# NHL DATA SCRAPER v.2.0

### Step 1
Import all required modules

In [52]:
import os
import time
import pandas as pd
import numpy as np
from selenium import webdriver
from selenium.webdriver.common.by import By
from selenium.webdriver.chrome.service import Service
from selenium.webdriver.chrome.options import Options
from selenium.webdriver.support.ui import WebDriverWait
from selenium.webdriver.support import expected_conditions as EC

### Step 2
1. Global variables
2. Set up chrome options for automatic download

In [78]:
DOWNLOADS_PATH = 'C:\\Users\\riger\\Downloads'
SCRIPT_PATH = os.getcwd()
NHL_STATS_CSV_PATH = os.path.join(SCRIPT_PATH, './generated/nhl_stats_data.csv')
NHL_GOALIE_CSV_PATH = os.path.join(SCRIPT_PATH, './generated/nhl_goalie_data.csv')
COMBINED_CSV_PATH = os.path.join(SCRIPT_PATH, './generated/final_nhl_stats.csv')
BASE_STATS_URL = 'https://www.nhl.com/stats/teams?aggregate=0&report=daysbetweengames&reportType=game&seasonFrom=20212022&seasonTo=20242025&dateFromSeason&gameType=2&homeRoad=H&sort=a_gameDate&page={}&pageSize=100'
BASE_GOALIE_URL = 'https://www.nhl.com/stats/goalies?aggregate=0&reportType=game&seasonFrom=20212022&seasonTo=20242025&dateFromSeason&gameType=2&homeRoad=H&sort=a_gameDate&page={}&pageSize=100'

In [54]:
chrome_options = Options()
chrome_options.add_experimental_option('prefs', {
    'download.default_directory': DOWNLOADS_PATH,
    'download.prompt_for_download': False,
    'download.directory_upgrade': True,
    'safebrowsing.enabled': True
})

### Step 4
Start scraping stats
- This will open every page from 0 to 52
- It will download the csv to your downloads folder, read it, and save/concat it to the 'data' pandas df
- Finally, remove the downloaded file
- Repeat with all pages

In [55]:
#Driver setup

service = Service('chromedriver.exe')
driver = webdriver.Chrome(service=service, options=chrome_options)
driver.maximize_window()

In [56]:
# try:
#     # Create csv directory if doesn't exist (will be used at the end)
#     if not os.path.exists(NHL_STATS_CSV_PATH):
#         os.makedirs('generated', exist_ok=True)  # create 'generated' folder if needed
        
#         with open(NHL_STATS_CSV_PATH, 'w') as f:
#             f.write("")
#             print("Created file:", NHL_STATS_CSV_PATH)

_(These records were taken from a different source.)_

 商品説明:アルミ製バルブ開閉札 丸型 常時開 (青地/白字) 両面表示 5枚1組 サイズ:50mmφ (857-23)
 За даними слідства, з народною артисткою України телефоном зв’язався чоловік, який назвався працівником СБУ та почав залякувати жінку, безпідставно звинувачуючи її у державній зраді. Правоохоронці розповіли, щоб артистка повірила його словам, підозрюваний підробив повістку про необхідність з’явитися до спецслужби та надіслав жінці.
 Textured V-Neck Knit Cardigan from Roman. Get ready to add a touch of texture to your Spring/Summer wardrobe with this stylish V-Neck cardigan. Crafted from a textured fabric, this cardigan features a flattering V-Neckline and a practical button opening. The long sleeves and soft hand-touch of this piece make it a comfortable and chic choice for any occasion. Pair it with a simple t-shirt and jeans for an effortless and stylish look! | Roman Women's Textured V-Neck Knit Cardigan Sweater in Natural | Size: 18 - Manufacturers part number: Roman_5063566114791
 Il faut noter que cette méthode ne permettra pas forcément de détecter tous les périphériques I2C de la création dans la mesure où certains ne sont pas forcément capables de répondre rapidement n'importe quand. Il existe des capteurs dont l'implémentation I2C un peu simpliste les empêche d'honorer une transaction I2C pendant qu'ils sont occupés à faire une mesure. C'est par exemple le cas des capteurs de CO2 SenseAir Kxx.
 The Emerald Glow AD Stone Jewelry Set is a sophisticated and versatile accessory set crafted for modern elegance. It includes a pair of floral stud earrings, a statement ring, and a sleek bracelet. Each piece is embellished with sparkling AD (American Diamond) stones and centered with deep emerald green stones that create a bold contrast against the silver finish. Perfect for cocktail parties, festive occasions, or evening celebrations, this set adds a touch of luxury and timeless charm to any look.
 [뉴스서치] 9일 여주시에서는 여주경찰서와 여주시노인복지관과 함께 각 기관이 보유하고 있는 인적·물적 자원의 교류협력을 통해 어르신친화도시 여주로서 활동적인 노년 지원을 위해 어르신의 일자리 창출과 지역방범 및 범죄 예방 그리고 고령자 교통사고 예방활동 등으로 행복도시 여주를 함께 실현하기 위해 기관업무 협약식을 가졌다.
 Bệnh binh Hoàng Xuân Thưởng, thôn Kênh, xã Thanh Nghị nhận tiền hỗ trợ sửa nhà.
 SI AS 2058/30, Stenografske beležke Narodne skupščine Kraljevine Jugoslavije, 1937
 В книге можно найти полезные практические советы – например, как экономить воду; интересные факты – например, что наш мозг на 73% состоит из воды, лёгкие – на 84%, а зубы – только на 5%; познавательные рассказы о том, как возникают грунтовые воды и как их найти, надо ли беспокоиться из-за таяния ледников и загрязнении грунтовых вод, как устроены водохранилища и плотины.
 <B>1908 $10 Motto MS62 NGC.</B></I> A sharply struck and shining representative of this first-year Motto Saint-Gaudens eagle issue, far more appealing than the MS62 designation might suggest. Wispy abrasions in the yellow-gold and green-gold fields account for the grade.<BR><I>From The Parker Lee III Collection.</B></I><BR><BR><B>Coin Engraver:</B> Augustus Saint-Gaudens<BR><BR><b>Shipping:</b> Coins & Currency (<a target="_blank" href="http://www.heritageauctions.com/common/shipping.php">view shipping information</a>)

#     combined_data = pd.DataFrame()

#     for page in range(0, 53):
#         url = BASE_STATS_URL.format(page)
#         driver.get(url)

#         # Wait for the export link to be present and clickable
#         export_link = WebDriverWait(driver, 20).until(
#             EC.element_to_be_clickable((By.XPATH, '/html/body/div[1]/main/div/div/div/div[2]/div/div[2]/div/main/div[2]/h4/a'))
#         )

#         # Scroll to the element
#         driver.execute_script("arguments[0].scrollIntoView(true);", export_link)
#         export_link.click()
#         time.sleep(5)  # Wait for the file to download

#         # Process the downloaded file
#         downloaded_file = os.path.join(DOWNLOADS_PATH, 'Days between Games.xlsx')
#         if os.path.exists(downloaded_file):
#             data = pd.read_excel(downloaded_file)
#             combined_data = pd.concat([combined_data, data], ignore_index=True)
#             os.remove(downloaded_file)  # Remove the downloaded file after processing

#     # Save the combined data as a CSV file
#     if os.path.exists('Days between Games.xlsx'):
#         os.remove('Days between Games.xlsx')

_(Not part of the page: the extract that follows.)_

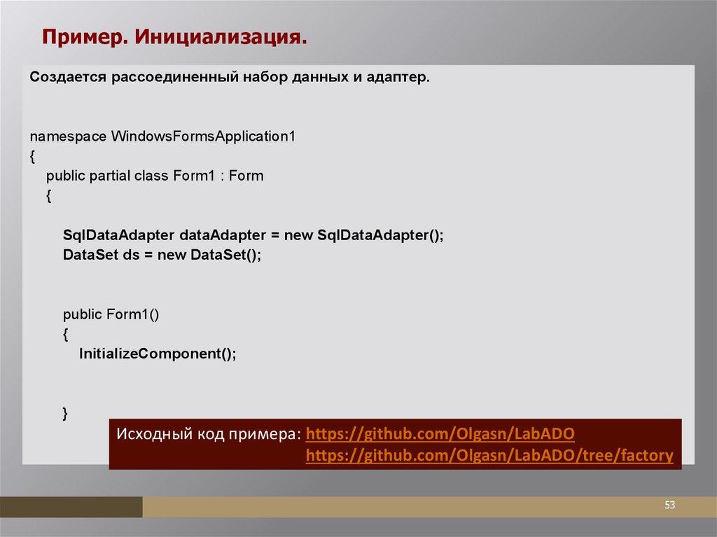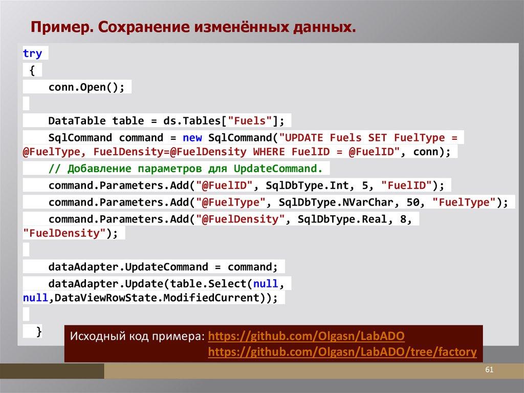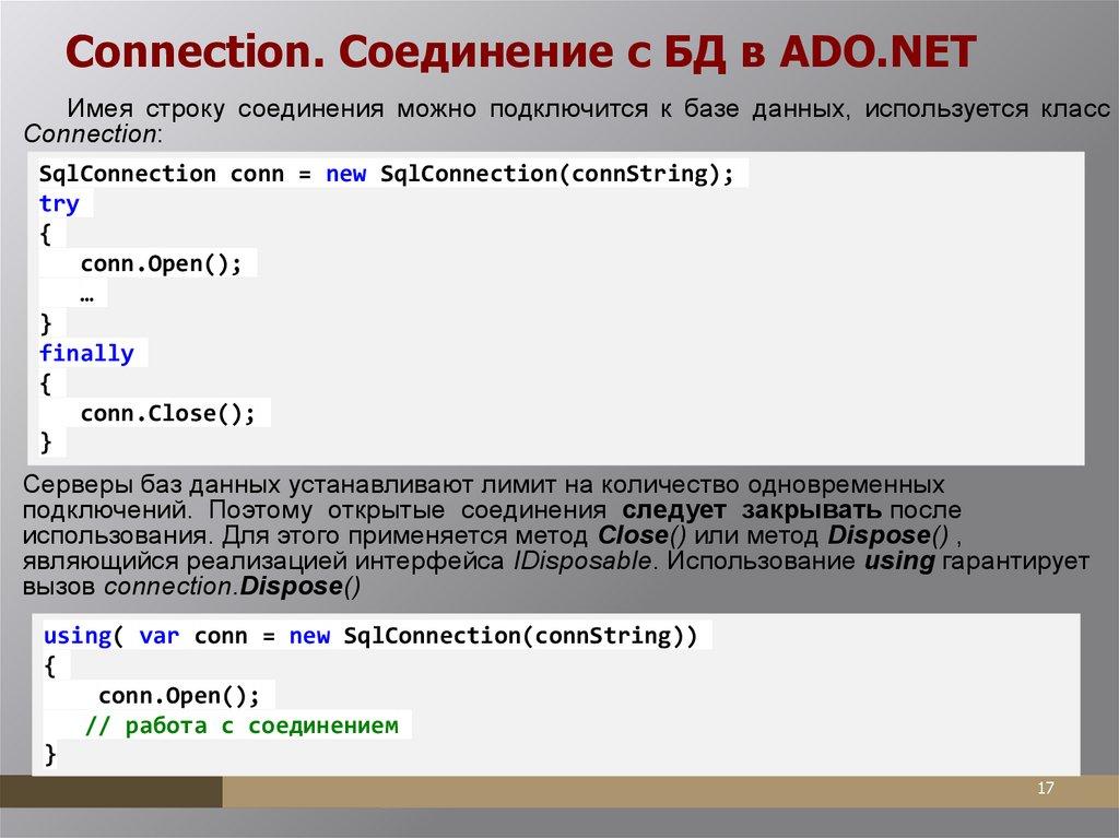 Использование фабрики (factory). ПримерDbProviderFactory factory = DbProviderFactories.GetFactory("System.Data.SqlClient");

#     combined_data.to_csv(NHL_STATS_CSV_PATH, index=False)
#     print(f"Combined CSV saved at: {NHL_STATS_CSV_PATH}")

# finally:
#     driver.quit()

### Step 5
Scrape goalie data
* This will scrape all pages from 0 to 56
* Like before, will download a csv, read into a pandas df
* combine all pages into one csv

In [57]:
# try:
#     # Create csv directory if doesn't exist (will be used at the end)
#     if not os.path.exists(NHL_GOALIE_CSV_PATH):
#         if not os.path.exists('generated'):
#             os.makedirs('generated', exist_ok=True)  # create 'generated' folder if needed
        
#         with open(NHL_GOALIE_CSV_PATH, 'w') as f:
#             f.write("")
#             print("Created file:", NHL_GOALIE_CSV_PATH)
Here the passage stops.